Si uno analiza la economía de Estados Unidos desde una perspectiva basada en indicadores “duros” –aquellos que reflejan lo que efectivamente está ocurriendo en la actividad económica–, el panorama luce sólido. En el último trimestre de 2024, el PIB creció a una tasa anualizada de 2.3 por ciento, superando su nivel potencial. La tasa de desempleo en febrero fue de 4.1 por ciento, lo que se considera pleno empleo o el nivel de equilibrio natural del mercado laboral. Por su parte, en febrero la producción industrial mostró dinamismo, con un crecimiento mensual de 0.7 por ciento. En cuanto a la inflación, también se observó una evolución favorable, retomando su tendencia a la baja ese mismo mes, mientras que la inflación subyacente -–que excluye los componentes más volátiles como alimentos y energía, y que mejor anticipa la tendencia de mediano plazo–, se ubicó en 3.1 por ciento, por debajo del 3.3 por ciento registrado previamente.
En resumen: los indicadores duros muestran a una economía saludable, que ha logrado reducir la inflación sin provocar una recesión y sin un aumento del desempleo por encima de su nivel natural. Si sólo se tomaran en cuenta estos datos, la Reserva Federal probablemente habría decidido reducir su tasa de interés la semana pasada.
Sin embargo, hay una cara menos visible, pero igual de relevante: los indicadores “suaves”, que capturan percepciones, expectativas y niveles de confianza, están apuntando a un deterioro significativo. En marzo, el índice de sentimiento del consumidor que elabora la Universidad de Michigan se desplomó a 57.9, cuando hace apenas un año se encontraba en 80. Esta caída no es menor: refleja un cambio profundo en el estado de ánimo económico de los hogares estadounidenses.
¿A qué obedece esta contradicción entre los datos observables y las percepciones? A las amenazas de nuevas medidas arancelarias. El solo anuncio de que Estados Unidos podría imponer aranceles a un porcentaje elevado de sus importaciones ha generado incertidumbre y preocupación entre consumidores e inversionistas. La razón es clara: estos aranceles reducirían la competitividad del país, aumentarían el nivel general de precios y, de forma indirecta, terminarían afectando también a los exportadores estadounidenses.

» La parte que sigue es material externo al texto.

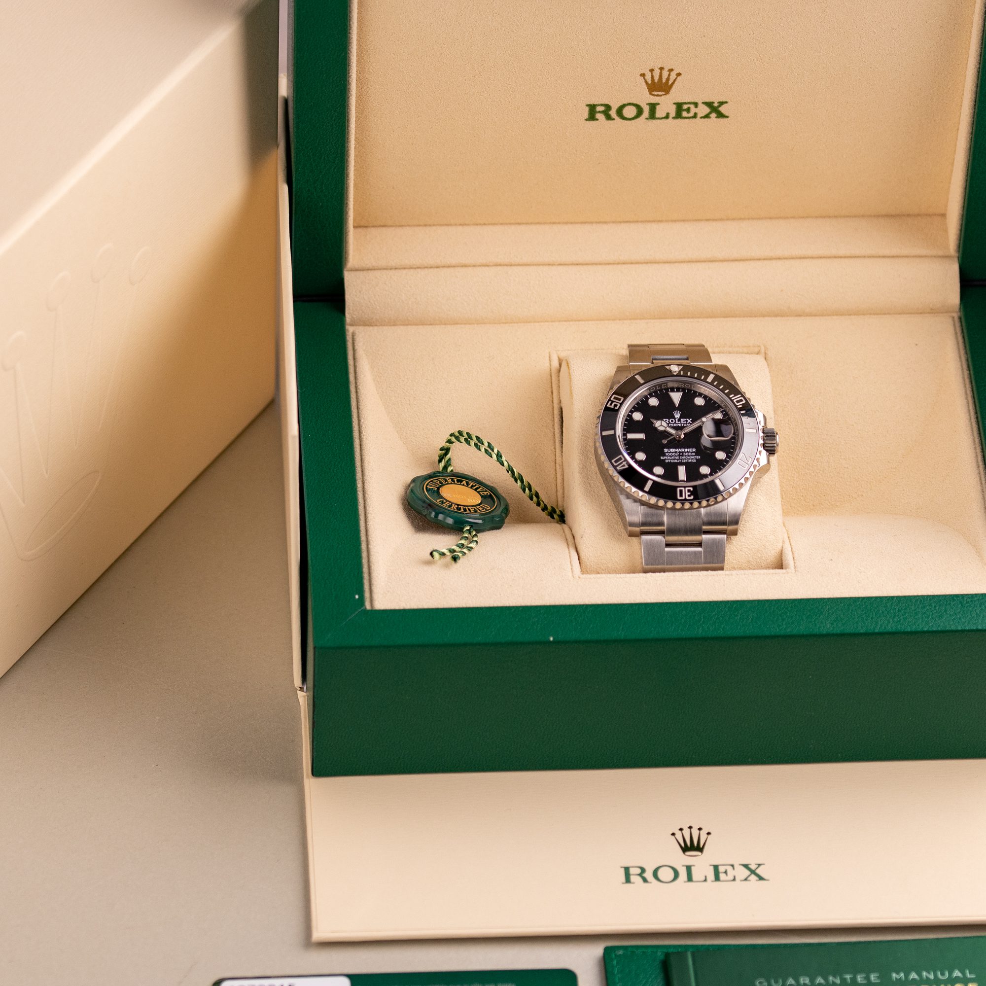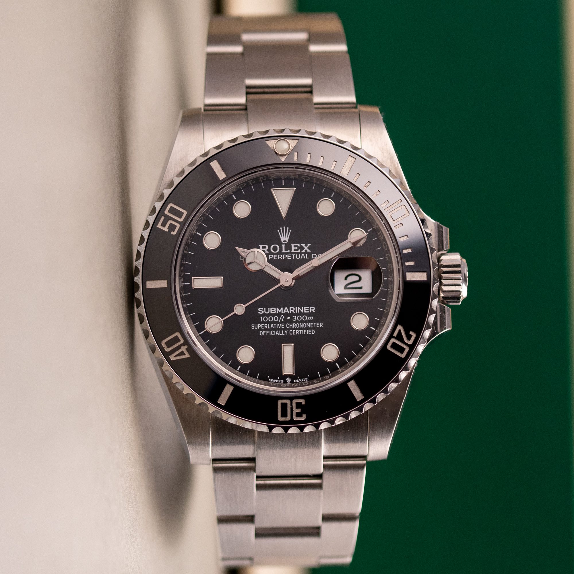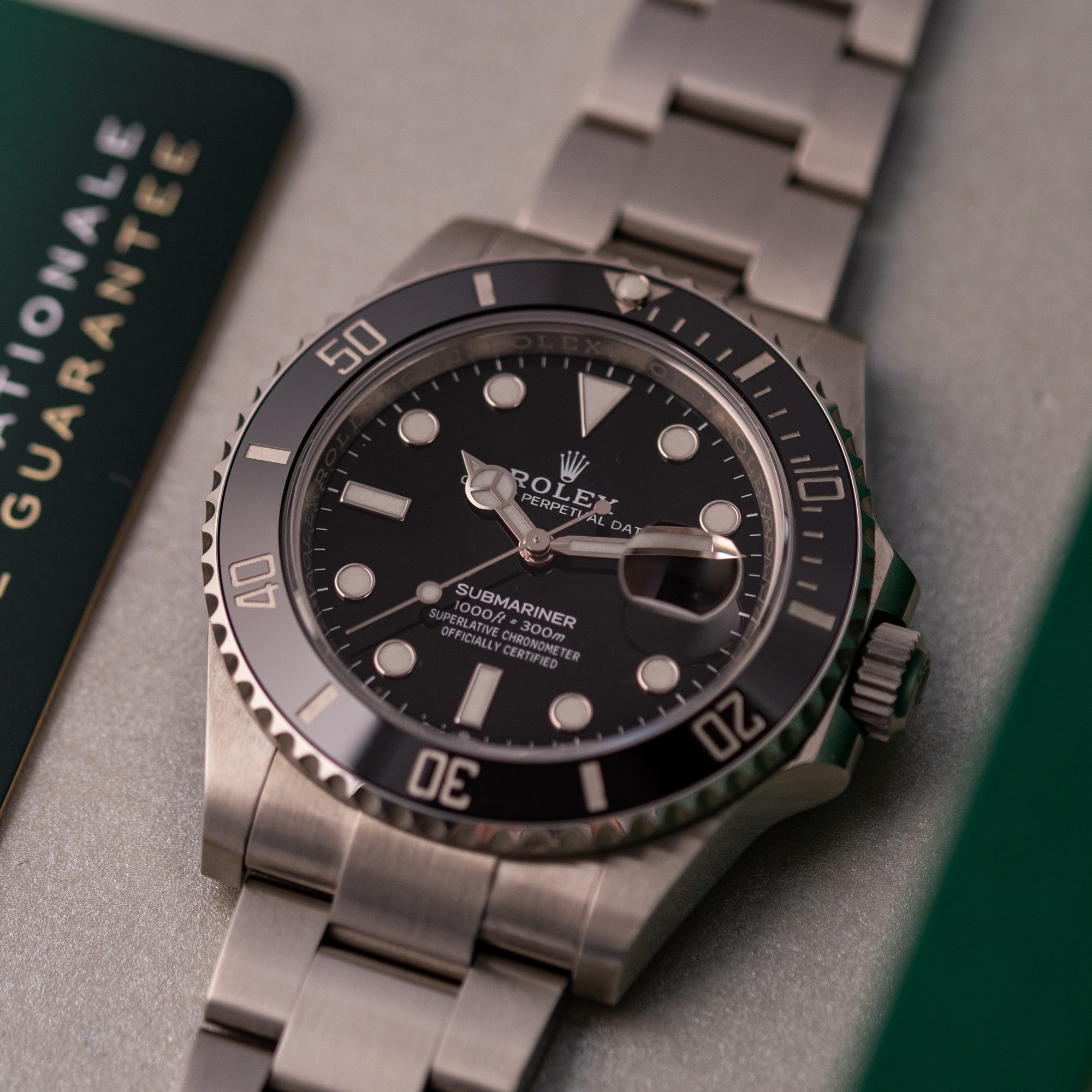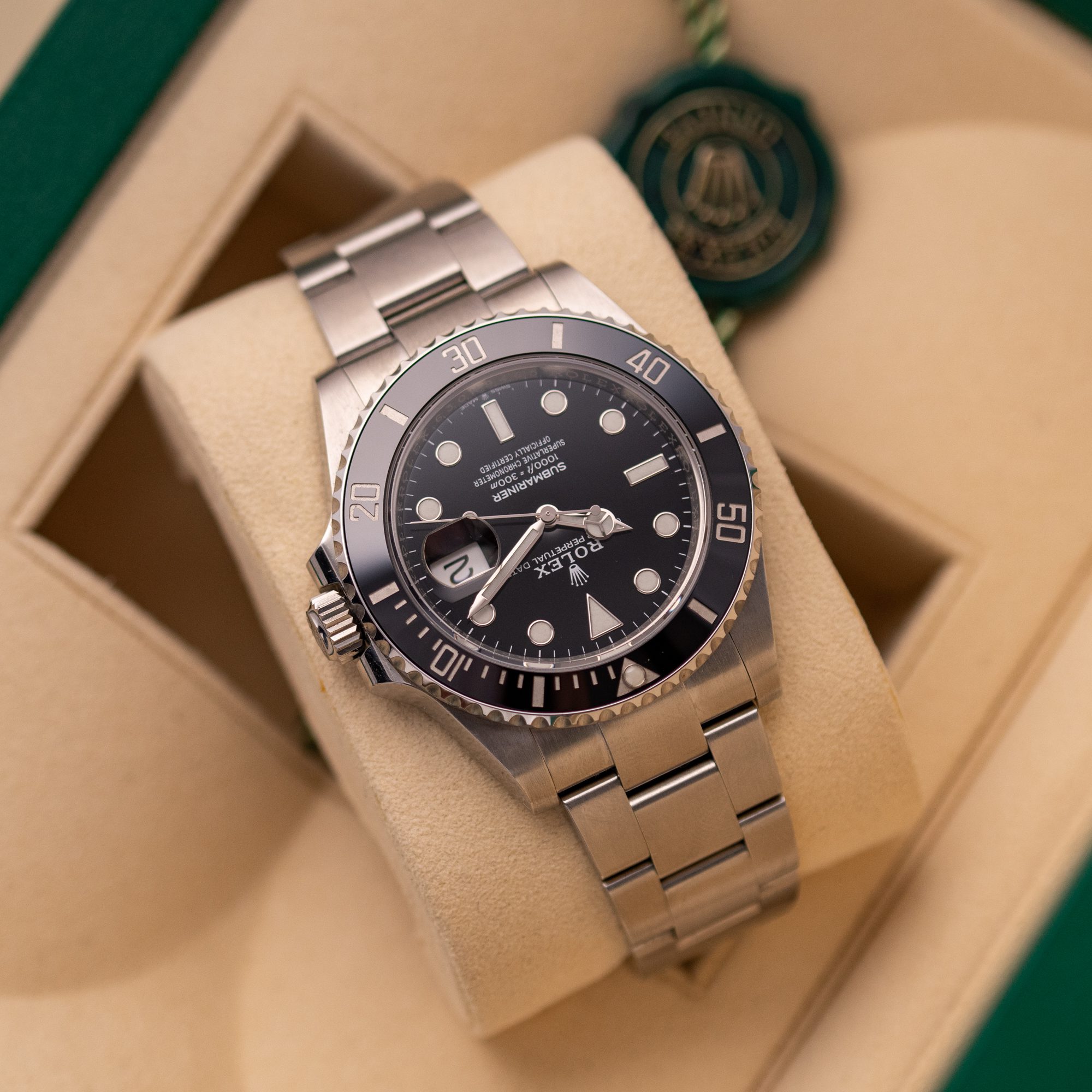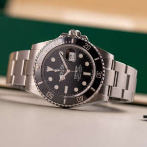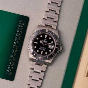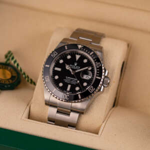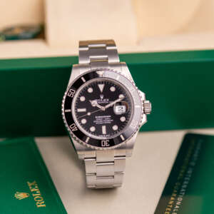 Originally sold in 2020, this example is in great condition, showing minor signs of use, with a fully functional automatic movement ensuring precise timekeeping and reliable performance. The Oyster bracelet, sized for wrists up to 19.5 cm, exhibits minimal wear while maintaining its robust structure. Presented as a full set with its original Rolex box and papers, this Submariner Date is an excellent choice for collectors or those seeking a well-maintained, modern timepiece.

Particularmente preocupantes son los aranceles del 25 por ciento anunciados ayer para automóviles y ciertas autopartes. Esta medida, lejos de proteger la economía local, afectará negativamente a las armadoras estadounidenses. Es un golpe doble: al bolsillo de las familias y a la capacidad exportadora del sector manufacturero.
Los defensores de esta política argumentan que los aranceles permitirán crear más empleos en territorio estadounidense. Pero cabe preguntarse: ¿por qué insistir en generar más empleos en una economía que ya está en pleno empleo? Con una tasa de desempleo de 4.1 por ciento, cualquier expansión adicional del mercado laboral corre el riesgo de ser ineficiente y potencialmente inflacionaria.

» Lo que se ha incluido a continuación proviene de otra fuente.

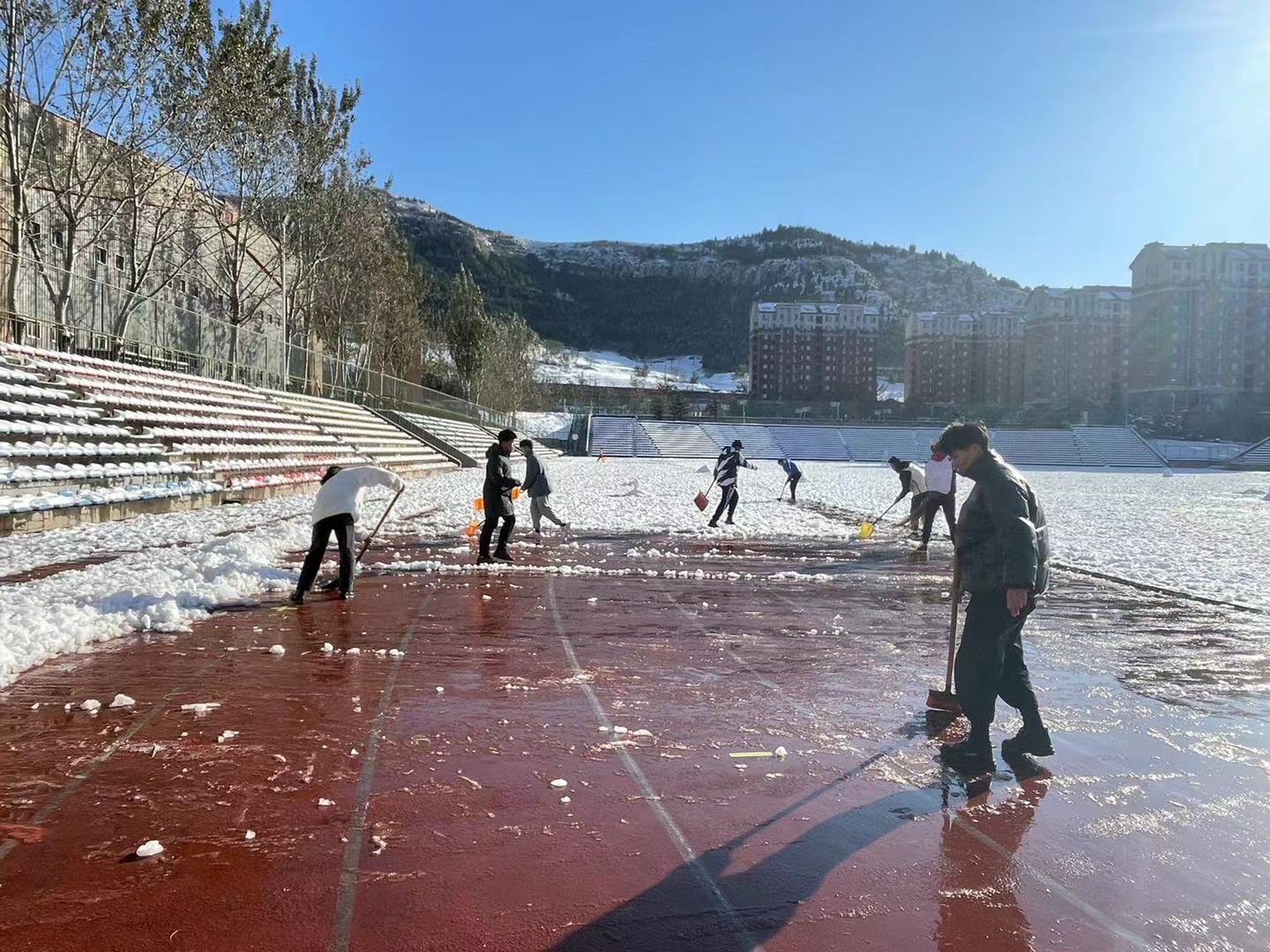 此外,体测活动因跑道积雪而耽搁推迟,为不耽误校区学生体测、体育课程、体育活动的正常进行,8日下午,本科生党支部、各团支部于兴隆山风雨操场再次进行铲雪工作。在全体同学们的努力下,风雨操场的跑道终于从一开始的白雪皑皑变成了最后的通畅无阻。

Lo que estamos viendo, en realidad, es una desconexión entre el presente económico y las decisiones de política que están por adoptarse. Es decir, una economía que hoy por hoy marcha bien, pero que podría verse empujada hacia un escenario de menor crecimiento y mayores precios si se insiste en medidas proteccionistas. Y ese impacto no será sólo de corto plazo.
La historia económica es contundente: no existe un solo país que haya alcanzado prosperidad y desarrollo cerrándose al comercio internacional. Las autoridades estadounidenses sostienen que los aranceles traerán dolor en el corto plazo. Y tienen razón. Pero además los aranceles provocarían un deterioro estructural a mediano y largo plazo, especialmente si estas medidas se mantienen en el tiempo.
En un mundo globalizado, aislarse es renunciar a la posibilidad de ganar competitividad, explotando las ventajas comparativas. Las empresas que enfrentan menos competencia tienden a perder el incentivo a mejorar, y los consumidores terminan pagando más por productos de menor calidad. En el largo plazo, esto se traduce en menos crecimiento, menos inversión y una menor capacidad para generar bienestar.
Los indicadores suaves, así como los mercados accionarios están lanzando una señal: el camino de los aranceles no es una vía hacia la prosperidad sostenible, sino una amenaza real a las expectativas de crecimiento económico.